I am so lucky that I always taste what I'm cooking from start to finish, I almost just killed my friends.

Saturday, October 4, 2008

So a little bird told me...

. . .a couple of times that people miss reading my blog. Alas, sorry to leave you hanging! I thought my trip was over, so perhaps I had nothing interesting to write about.

But I do need a way to feel productive, to procrastinate, and I will certainly have some silly stories to share. My life at school is, if possible, more full of silliness and Questionmark Moments than my travels because I seem to attract the best and craziest people into my life, and keep them around somehow.

So what's new with me? Back at school, five weeks in, feeling remarkably unproductive. It's really hard to get motivated on writing a paper that's due in more than six months, even if said paper needs to be between sixty and a hundred pages. But I do have a topic, and a thesis committee, and other friends who are feeling just as unmotivated as I am. Some of them more unmotivated, I suspect.

My topic is going to be the Fox in Russian Folklore. The other day I decided that if I stick with this topic I may attempt to weasel the title in as: "The Fox in Russian Folklore: The Many Tails of Lisa Ivanovna". See what I did there? The pun, do you get it? How does it make you feel? Lisa Ivanovna is frequently the name of the folkloric fox character, who is the trickster in the Russian animal family. I had a dream the other night that I was walking through the woods, spotted a fox, and we started to play. She play-nibbled my fingers, and I threw a piece of food for her to go and find, and she came back to me and we cavorted. I'm hoping that this is the beginning of a beautiful friendship, and that it means I have her blessings and guidance, in the form of nibbles at my fingers to get me typing. Perhaps it means that she wants to chew my fingers off, and I'm reading too much into it.

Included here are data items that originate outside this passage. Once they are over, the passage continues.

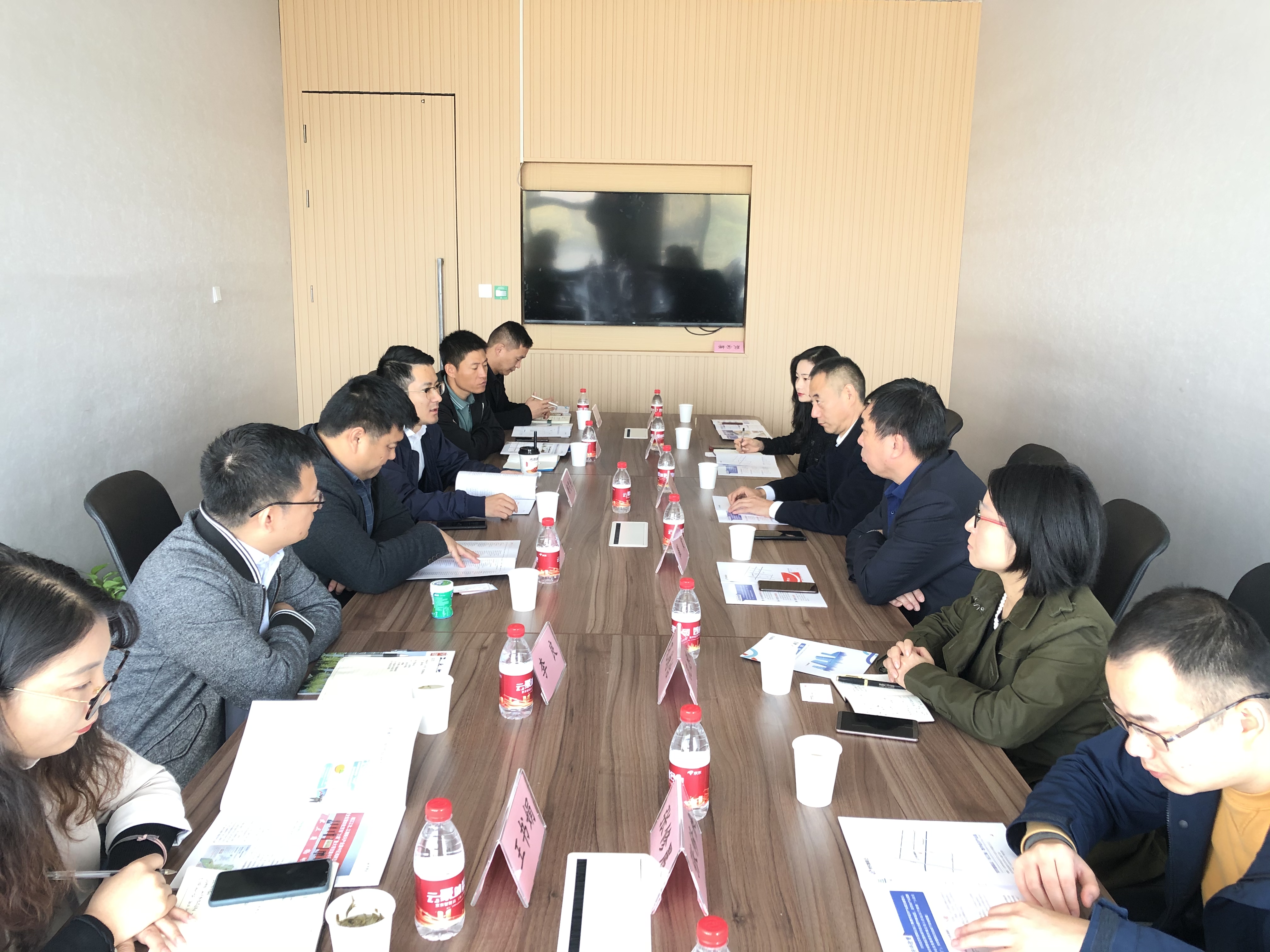 姚廣傳董事長一行參觀了基地多功能展廳,親身體驗了基地無人超市,對京東生態鏈業務體系進行了了解,雙方在基地會議室舉行座談,聽取了京東智聯云合肥基地總經理李建對產業園發展、環境設施、企業聚集等情況的介紹。
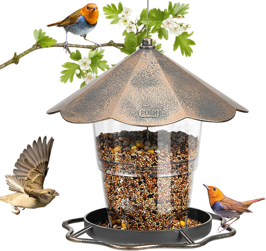 - 🕊【Einfach zu wechseln】- Drücken Sie den PUSH von Vogelfutterhäuser, um den Deckel zu öffnen, geben Sie Körnerfuttersamen usw. in das vögel futterhaus, schliessen Sie den Deckel und stellen Sie das futterhaus vögel hängend auf den Balkon,
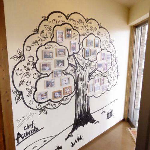 店内には、シェフ自ら描いた大きな木の絵に写真が飾られ、壁の向こうの厨房の雰囲気を描いた絵もあります。思わず眺めたくなるような温かみと楽しさがあふれる空間で、お食事の時間をより心地よいものに。訪れるだけでほっとできる雰囲気の中、こだわりのお食事を味わいながら、思い出に残るひとときをお過ごしください☆
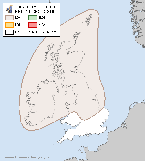 A waving cold front will move slowly southeastwards across England and Wales on Friday, with elements of line convection at times on the cold front given the strongly-sheared environment. This may produce some strong gusts of wind and brief spells of heavy rain. However, given weak instability and fairly saturated profiles, lightning is considered a very low risk.
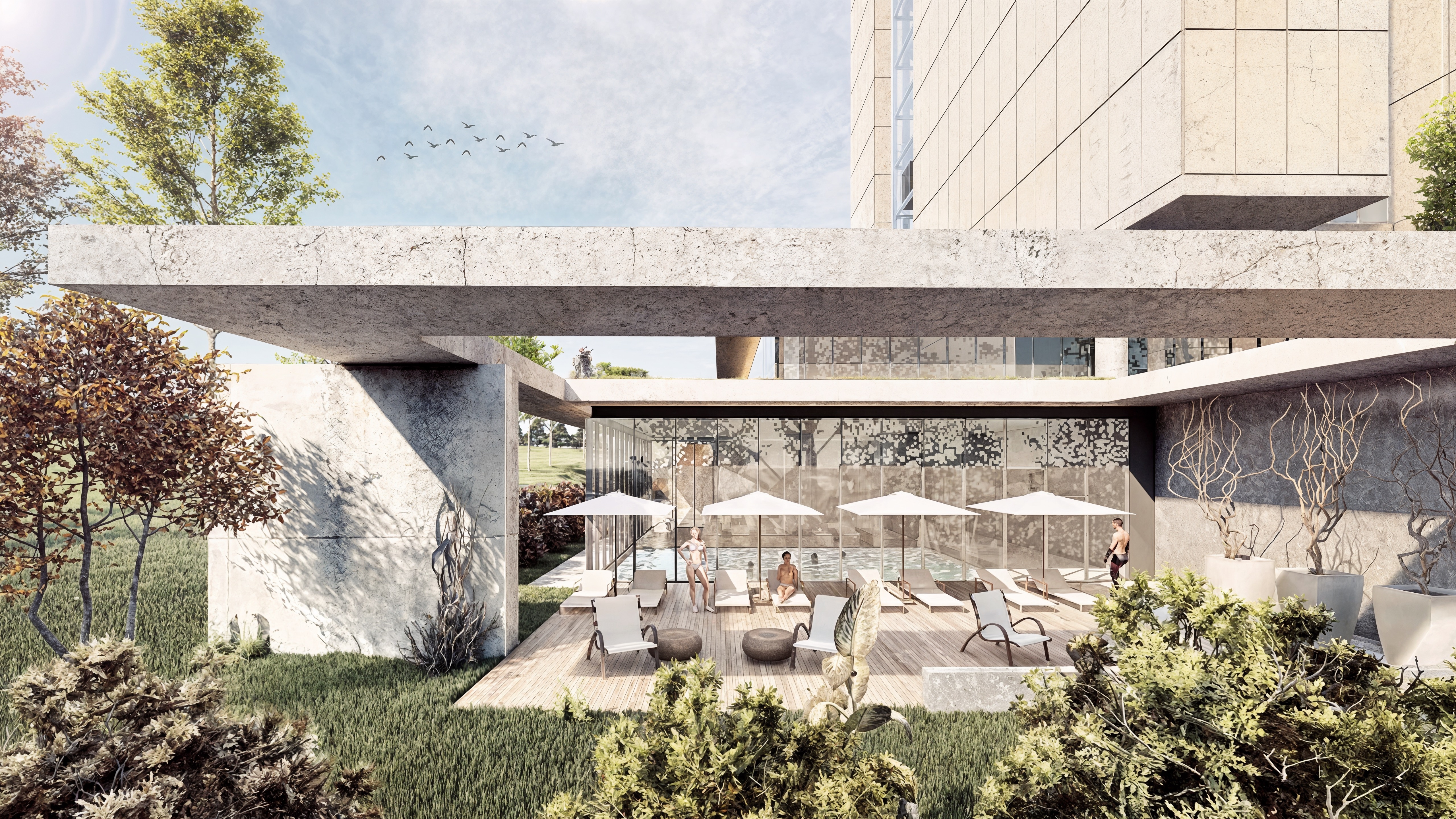 The design concept is based on a clear spatial and programmatic division, distributed across two primary architectural volumes, or "shells." These volumes are shaped in response to the site's natural topography and are separated by a central courtyard, which acts as the heart of the project - a communal space that brings light, air, and interaction into the built fabric.

And the most recent silly adventure was last night. I fell asleep around 1, I suspect. I woke up (around 2, I later discovered) to murmuring from the bathroom, and for some reason this murmuring made me immediately think it was Christmas. Being sleepy + stealthy voices in the night = Christmas. Not that my Mum and Papa ever have cause to do such things on Christmas eve, it clearly is the fault of the reindeer. Sneaks. So I got up to see what the murmurings were about, once I realized I would still get my presents Christmas morning if I did so. Alas, Karen was feeling unwell, and was searching for Nyquil or some other suitable cough reliever. I searched, and we found some stuff, and then Baby Chicken Katie made an alarming discovery of a "BIG BUG". And so all four of us were all a-scurry. And I put on my clogs and went after it into the outer hallway. And the Katies followed me, and we locked ourselves out. And just as my Death Clog hovered over this disgusting thing, Baby Chicken Katie (henceforth BCK) said "Don't KILL IT!" And I sighed, and we mentioned that such infestations were unacceptable in a place of residence. Karen let Katie back in to ask her gentleman if he would care to get the bug for us. And he hates bugs too, so she came back out and we got locked out again. And we still weren't allowed to kill it. Karen let us in again, and Katie got a cup. And we said "JUST A CUP? YOU NEED A SCOOPER." Clearly some of us were raised differently. And so Karen got a piece of paper that didn't provide enough non-touching of the bug, so I got the sawed off top of a shoe box that suited our purposes far better. And Katie went bravely after this Thing. And it climbed up the wall. And there was lots of maneuvering. And then the Thing fell off the wall, and Katies screamed (I think I said "Whoa!" which is much more dignified?), and Katie leapt backwards and BCK leapt backwards into me, and I staggered into the wall, like a sleepy thing without glasses. And then the bug ran, terrified into the stairwell. And then Katie went after it, and was looking in at us through the window for a minute before we realized that she HAD IT IN HAND and needed us to open the door. And Katies scurried down the hall to the other stairwell to deposit the Thing in the woods.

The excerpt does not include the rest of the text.